When Williams interacts with the police in Ironheart, she is largely nonchalant. She doesn’t demand they quit their profession or go on a diatribe against policing — but neither does she laud their work nor interact with them beyond necessary. When a friend goes missing, Williams works her own networks and relationships. When the police make their way to the scene of Williams’ battle with a villain, she doesn’t feel the need to stick around and help them with detective work.

Instead, abolition is most visible in Williams’ impulse to turn to her friends, family, and community. She doesn’t kill (though it’s not clear that it’s entirely off the table, it’s just not her first impulse). It’s an exercise in imagining the oft-repeated abolitionist mantra, “We keep us safe.”
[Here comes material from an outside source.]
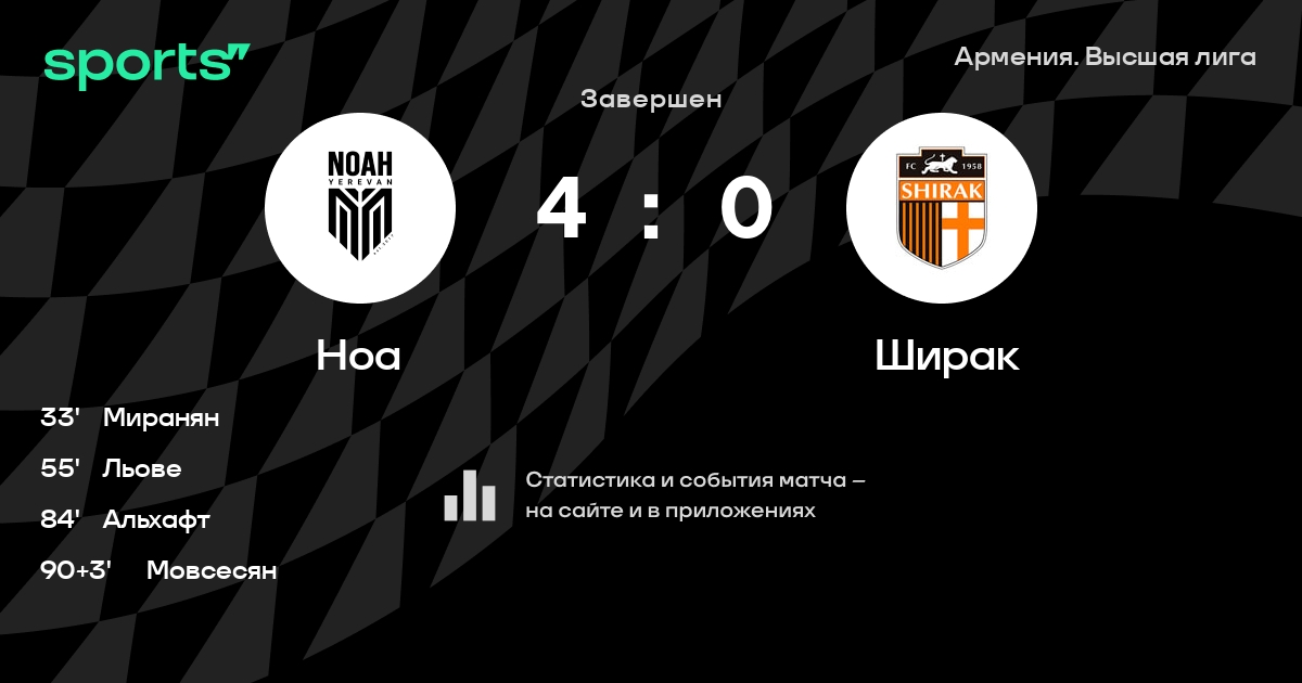 Ноа – Ширак: Ноа забивает в 7 из 9 последних матчей против этого соперника

Abolitionist impulses don’t need to be reserved for Black heroes. A core motivation for Batman has always been bettering Gotham. The only thing holding him back from trying more radical approaches is the imagination of authors. We don’t need Batman/Bruce Wayne to undergo a Zacchaeus-like transformation and give away his wealth. But we do need a Batman who is trying to get to the root of the problem. It doesn’t take the “world’s greatest detective” to see that the system is designed to oppress and uphold hierarchies.

Crafting a world we can’t live without

THE POTENTIAL FOR these stories is built into the universe that already exists. What if Batman and Superman tracked the effect of overpolicing and incarceration in the lives of Gotham’s and Metropolis’ poorest citizens?

Batman would find that it’s by design, not coincidence, that so many of his villains are incarcerated at Arkham Asylum. A report from the Ruderman Family Foundation, a disability advocacy group rooted in Jewish values, notes that between one-third and one-half of people killed by police are disabled. And a 2017 study in the American Journal of Public Health found that Black disabled people are twice as likely to be arrested as white disabled people.

Superman would find that injustice is rampant within the legal system. About 90 percent of the people incarcerated on Riker’s Island (and perhaps its fictional counterpart) have not been convicted of a crime, according to the Center for Justice Innovation. And the Vera Institute of Justice reported that, as of March 2022, “there were 4,682 people waiting for their trials in New York City jails. Of them, 2,206 had been waiting for six months or more, and 1,474 had been waiting more than a year.” Superman’s desire for justice does not need to be constrained to “stopping crime” — a poor metric for any of us pursuing justice.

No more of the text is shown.